**EXERCISE OBJECTIVE**
Copy the material below verbatim from the line with "We finished our" to the line with "Originelle Aquarellmalerei von", both lines included, omitting pictures and every line outside that range.

**PROVIDED ENTRIES**
======
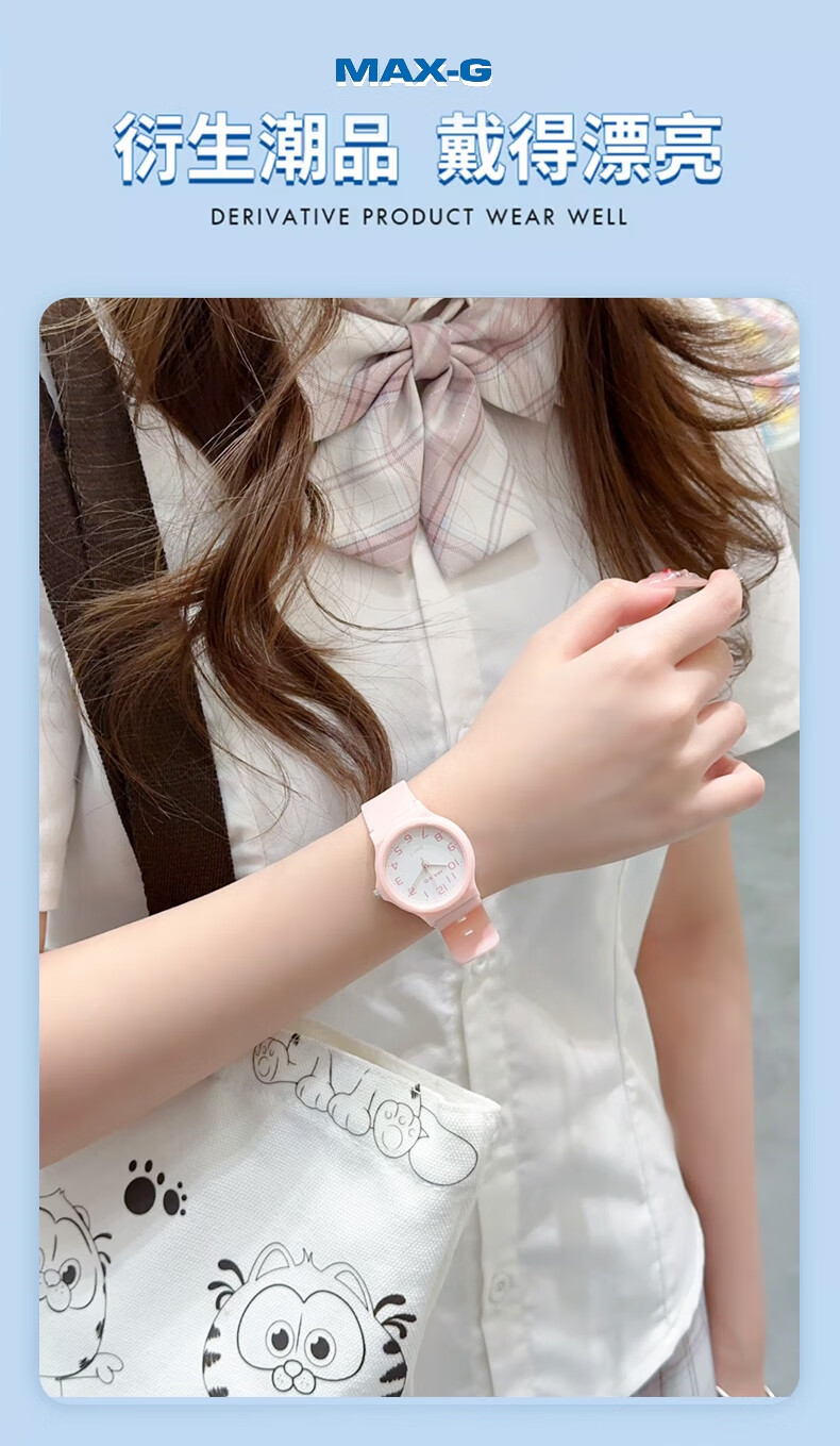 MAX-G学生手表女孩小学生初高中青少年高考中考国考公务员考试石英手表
======
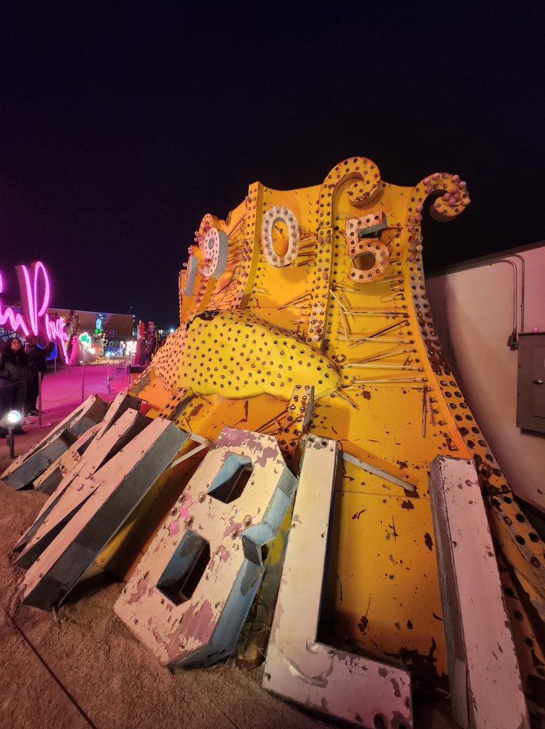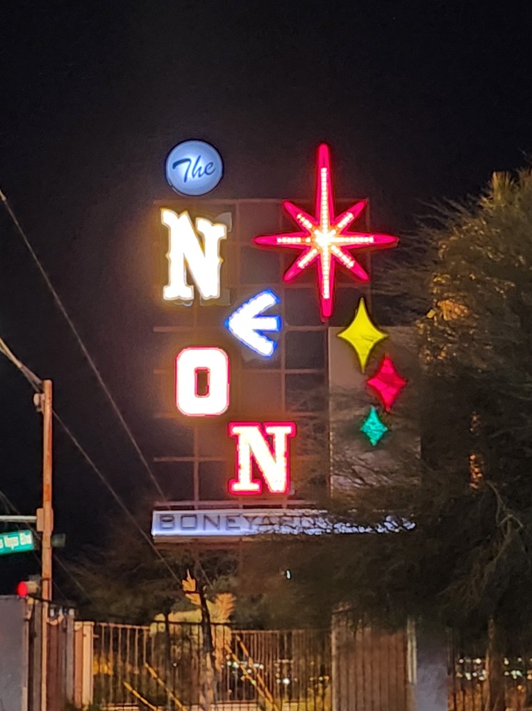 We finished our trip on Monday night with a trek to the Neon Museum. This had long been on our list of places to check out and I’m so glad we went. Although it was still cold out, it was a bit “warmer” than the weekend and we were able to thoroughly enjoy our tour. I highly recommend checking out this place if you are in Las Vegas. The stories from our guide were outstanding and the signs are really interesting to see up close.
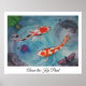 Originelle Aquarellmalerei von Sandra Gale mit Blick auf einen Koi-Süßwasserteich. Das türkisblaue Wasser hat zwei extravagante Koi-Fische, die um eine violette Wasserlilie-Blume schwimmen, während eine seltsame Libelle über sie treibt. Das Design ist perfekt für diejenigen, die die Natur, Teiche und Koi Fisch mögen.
======
**RESULT BELOW**
 We finished our trip on Monday night with a trek to the Neon Museum. This had long been on our list of places to check out and I’m so glad we went. Although it was still cold out, it was a bit “warmer” than the weekend and we were able to thoroughly enjoy our tour. I highly recommend checking out this place if you are in Las Vegas. The stories from our guide were outstanding and the signs are really interesting to see up close.
 Originelle Aquarellmalerei von Sandra Gale mit Blick auf einen Koi-Süßwasserteich. Das türkisblaue Wasser hat zwei extravagante Koi-Fische, die um eine violette Wasserlilie-Blume schwimmen, während eine seltsame Libelle über sie treibt. Das Design ist perfekt für diejenigen, die die Natur, Teiche und Koi Fisch mögen.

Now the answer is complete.